A random graph will be generated and used for the comparison. A set of marginal power (without multiplicity adjustment) is randomly generated. Local power (with multiplicity adjustment) is calculated using graph_calculate_power(). In addition, p-values simulated from graph_calculate_power() are saved. These p-values are used to generate local power via graph_test_shortcut() and graph_test_closure() as the proportion of times every hypothesis can be rejected.

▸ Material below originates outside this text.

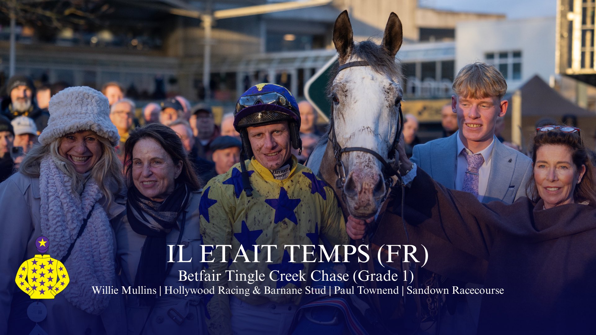 IL Etait Temps Lit up Sandown on Saturday winning the Grade 1 Betfair Tingle Creek Chase by 9 lengths for his owners Hollywood Syndicate and Barnane Stud, trainer Willie Mullins and jockey Paul Townend. The son of Jukebox Jury was purchased privately by Peter & Ross Doyle Bloodstock Ltd. IL Etait Temps might go to Leopardstown [for the Dublin Racing Festival] and from there Cheltenham.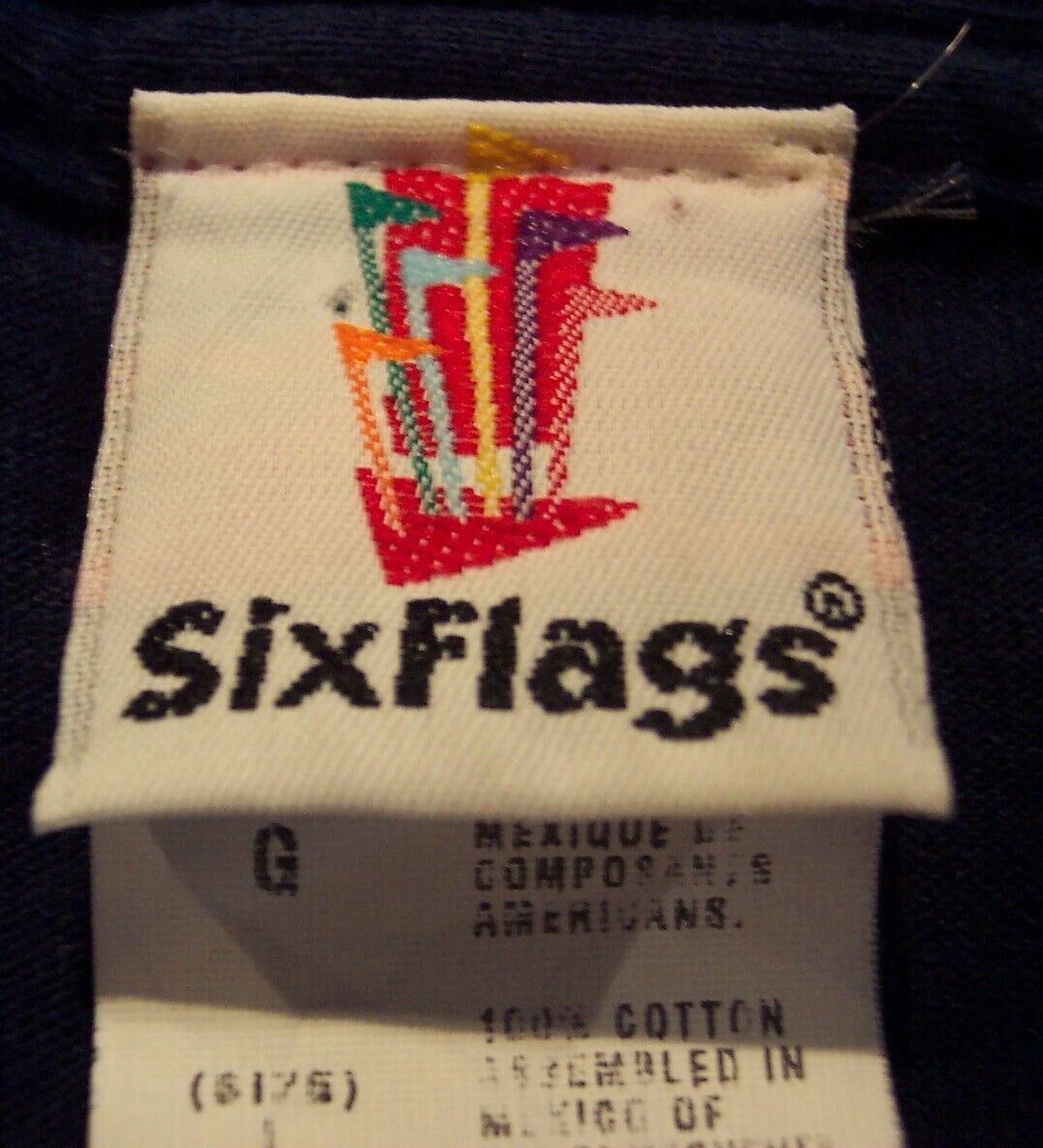 VINTAGE OFFICIAL SIX FLAGS Amusement Park DON'T SPEW T-shirt MENS LARGE

We expect to observe matching results for 1000 random graphs.

Bonferroni tests

We compare power simulations from graph_calculate_power() and those using graph_test_shortcut() via respectively the adjusted p-value approach and the adjusted significance level approach.

out <- read.csv(here::here("vignettes/internal-validation_bonferroni.csv"))
# Matching power using the adjusted p-value approach
all.equal(out$adjusted_p, rep(TRUE, nrow(out)))
# Matching power using the adjusted significance level approach
all.equal(out$adjusted_significance_level, rep(TRUE, nrow(out)))

Hochberg tests

out <- read.csv(here::here("vignettes/internal-validation_hochberg.csv"))
# Matching power using the adjusted p-value approach
all.equal(out$adjusted_p, rep(TRUE, nrow(out)))
# Matching power using the adjusted significance level approach
all.equal(out$adjusted_significance_level, rep(TRUE, nrow(out)))

Simes tests

out <- read.csv(here::here("vignettes/internal-validation_simes.csv"))
# Matching power using the adjusted p-value approach
all.equal(out$adjusted_p, rep(TRUE, nrow(out)))
# Matching power using the adjusted significance level approach
all.equal(out$adjusted_significance_level, rep(TRUE, nrow(out)))

Parametric tests

out <- read.csv(here::here("vignettes/internal-validation_parametric.csv"))
# Matching power using the adjusted p-value approach
all.equal(out$adjusted_p, rep(TRUE, nrow(out)))
# Matching power using the adjusted significance level approach
all.equal(out$adjusted_significance_level, rep(TRUE, nrow(out)))

Mixed tests of Bonferroni, Hochberg and Simes

We compare power simulations from graph_calculate_power() and those using graph_test_closure() via respectively the adjusted p-value approach and the adjusted significance level approach. Two test groups are used with randomly assigned hypotheses. Two test types are randomly picked among Bonferroni, Hochberg and Simes tests.

out <- read.csv(here::here("vignettes/internal-validation_mixed.csv"))
# Matching power using the adjusted p-value approach
all.equal(out$adjusted_p, rep(TRUE, nrow(out)))
# Matching power using the adjusted significance level approach
all.equal(out$adjusted_significance_level, rep(TRUE, nrow(out)))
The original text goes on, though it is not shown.